Some interesting Approaches here, but it seems to me it would be simpler to parse the output of findstr with the /V switch and perform conditional checks on the first token token to determine if the line corresponds to the desired ranges - unless the intent is specifically to to support Regex expressions.

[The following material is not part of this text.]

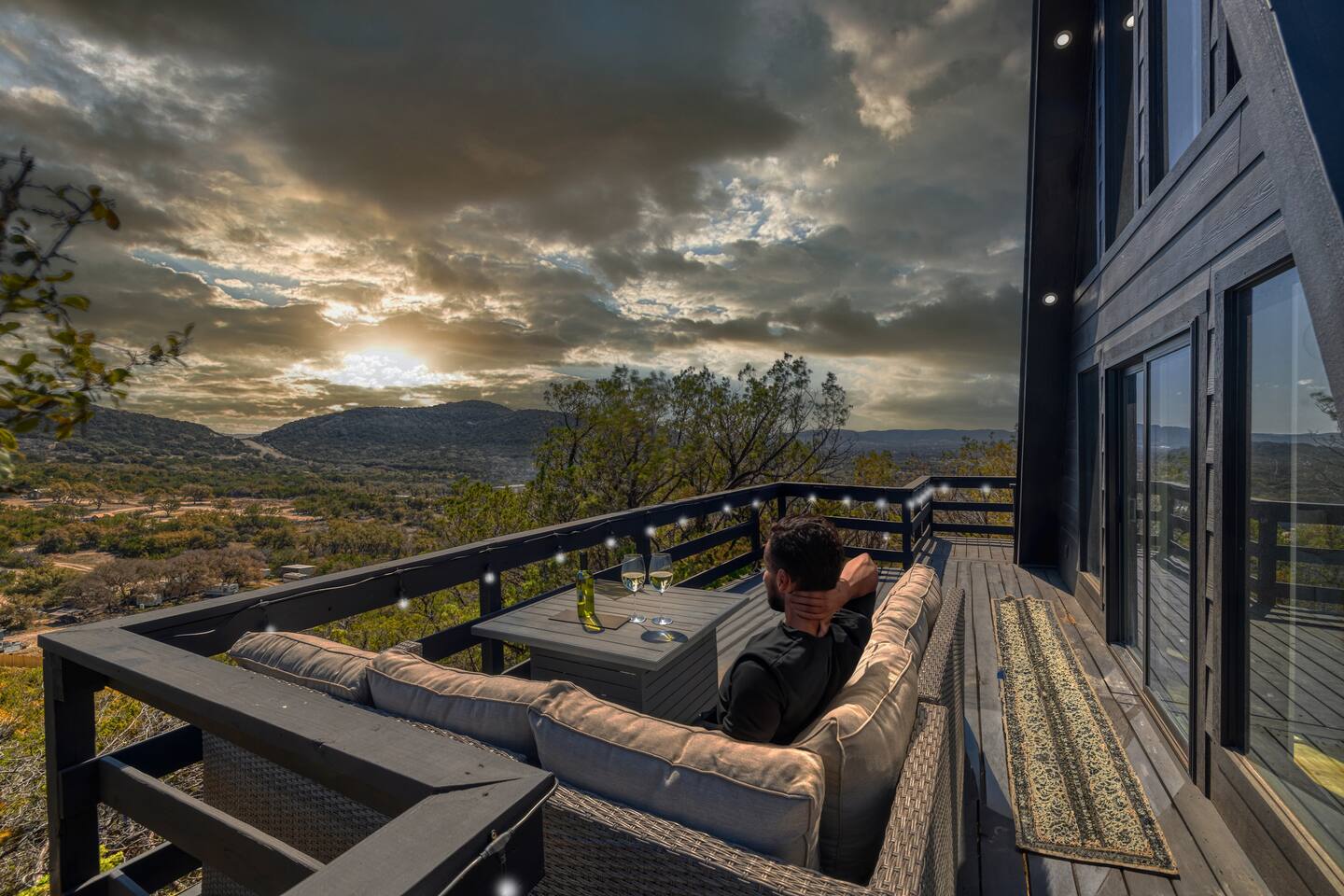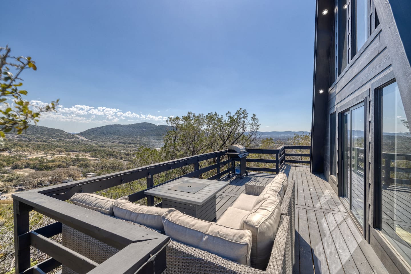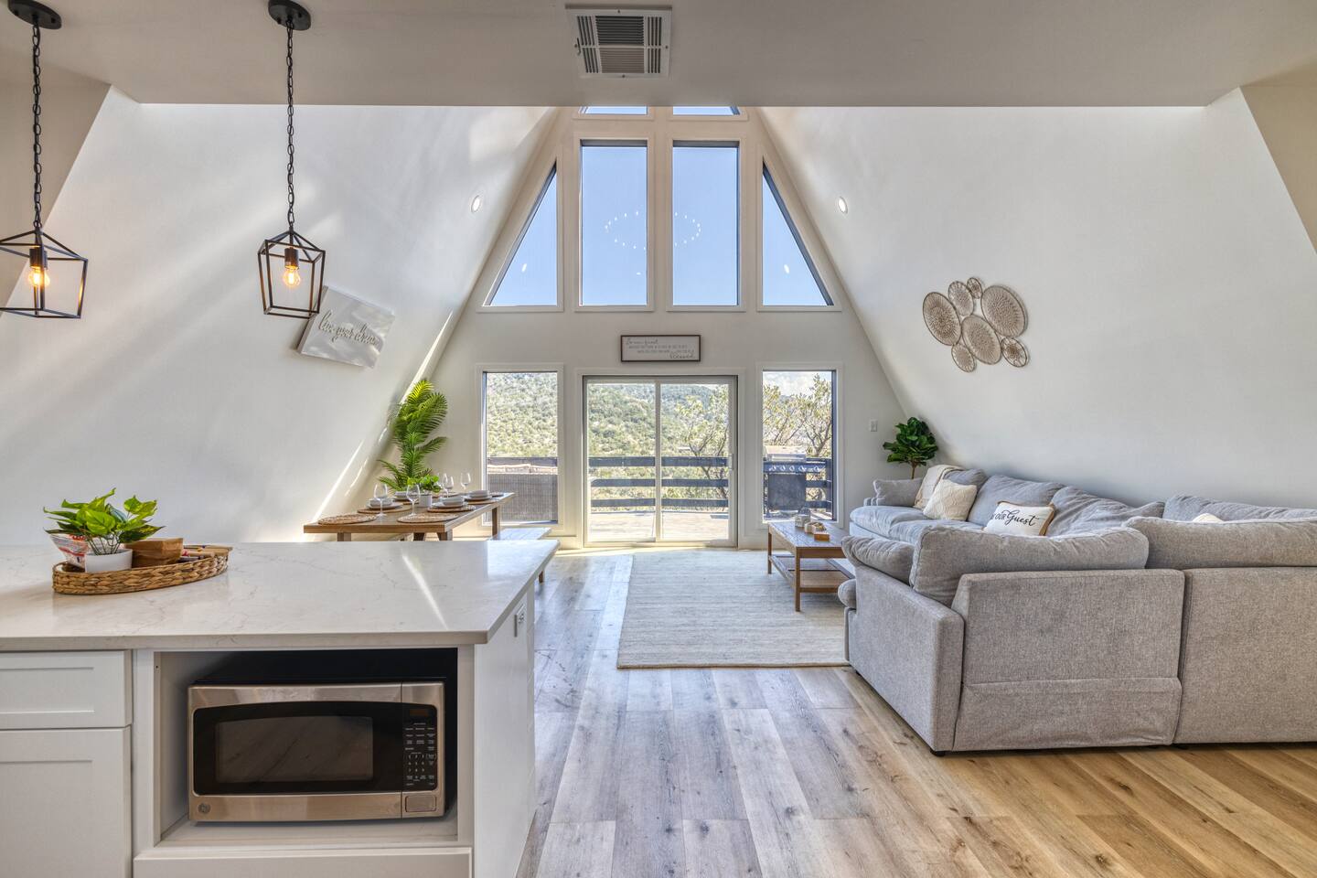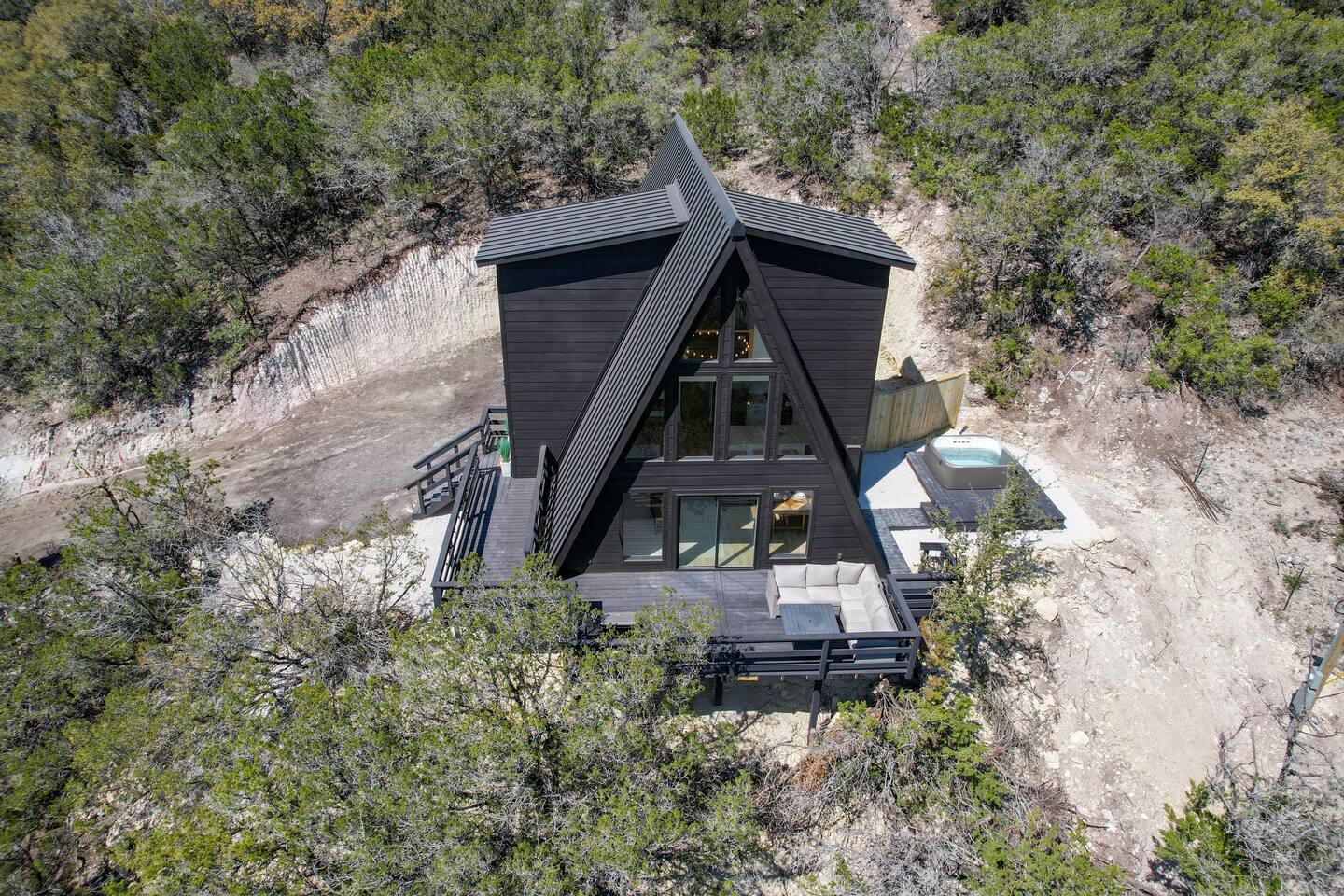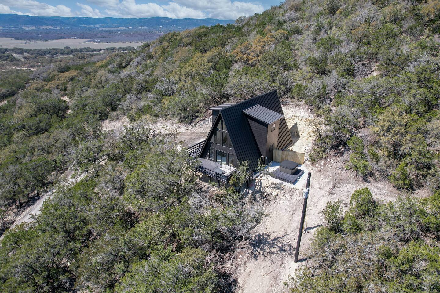 Welcome to our 5 acres Aframe home which leads you up a hill with an amazing view, which makes you feel like you're in heaven This Luxury cabin has everything you DREAMED of and we are only about a 7 minute drive to the nearest acess to the Frio River. The living area feels cozy, yet spacious with a high ceiling that shows off beautiful Pine Wood beam with a Country Living Chandelier. The A-frames giant windows overlooking the deck and the hills makes you bring the outside beauty in. It features the comfiest sofa, dining area, and our custom Pine Wood continues with the decor into our fully stocked kitchen. . The large downstairs bedroom features a queen bed, a beautiful stoned electric fireplace, a stylish reading egg chair, luggage bench, and of course a 55' Smart TV. The main bathroom is downstairs just beside the bedroom and features a luxury walk-in shower, with double vanity. Across from it you have a washer and dryer for your convenience. Then you get to go up the most beautiful custom-made stairs that continues the Pine wood with a natural wood stain that leads you to the open loft area. We offer a sofa bed, tons of board games for the kiddos and of course a 60'' Smart TV. The first bedroom upstairs has 4 twin size custom bunk beds which also gives you an amazing view out of this bedroom window. The second bedroom upstairs features 2 full size custom beds with a stylish A-frame shiplap accent wall and of course the beaty of a custom beam in the high ceiling. Second bathroom is also a walk-in shower with a modern style decor. Just outside the living room doors is the large deck with a modern outdoor seating couch, a gas fireplace, and a gas grill. While this cabin makes an ideal spot for a romantic getaway, honeymoon, wedding night, anniversary, or spiritual get aways, it's also wonderful for family and friends. Other friendly amenities included is a swings down the hill with a couple of Egg Chairs and Hammick swings, with some lounge chairs by a wood fireplace to make some smores. We are a 5 minute drive from the river, 10 minutes from Happy Hollow Drop off and 12 minutes from Garner State Park. Enjoy this beauty!! We do have a outdoor camaras at entrance door only.

Mmmm... In such a case a more efficient way would be to use the method explained at this thread in order to test if a value is between several ranges in a fast way:

Code: Select all

@echo off
setlocal EnableDelayedExpansion

::Usage: %0 file list,of,comma,separated,ranges

rem Get the list of ranges and assemble the testing expression
set "ranges=%*"
set "ranges=!ranges:%1 =!"
set "expr=1"
for %%b in (%ranges%) do (
   for /F "tokens=1,2 delims=-" %%c in ("%%b") do (
      if "%%d" equ "" (
         rem Individual value: multiply previous expr by direct subtract
         set "expr=!expr!*(%%c-n)"
      ) else (
         rem Range value pair: use range expression at this point, then continue
         set "expr=!expr!,a=r,r=0,b=(%%c-n)*(n-%%d),r=(b-1)/b*a"
      )
   )
)

rem Process file lines
for /F "tokens=1* delims=:" %%a in ('findstr /N "^" "%~1"') do (
   set /A "n=%%a, r=%expr%" 2> NUL
   if !r! equ 0 echo(%%b
)

Although I think that the fun part is to generate the regex-es!

Antonio

[shodan]

Thanks Aacini !
That looks like exactly what I needed.

T3RRY,
I am curious if the pipe of two finstr command ends up being faster than doing the filtering with this method.
Assuming we only need a few hundred lines out of say 10000 lines input text ?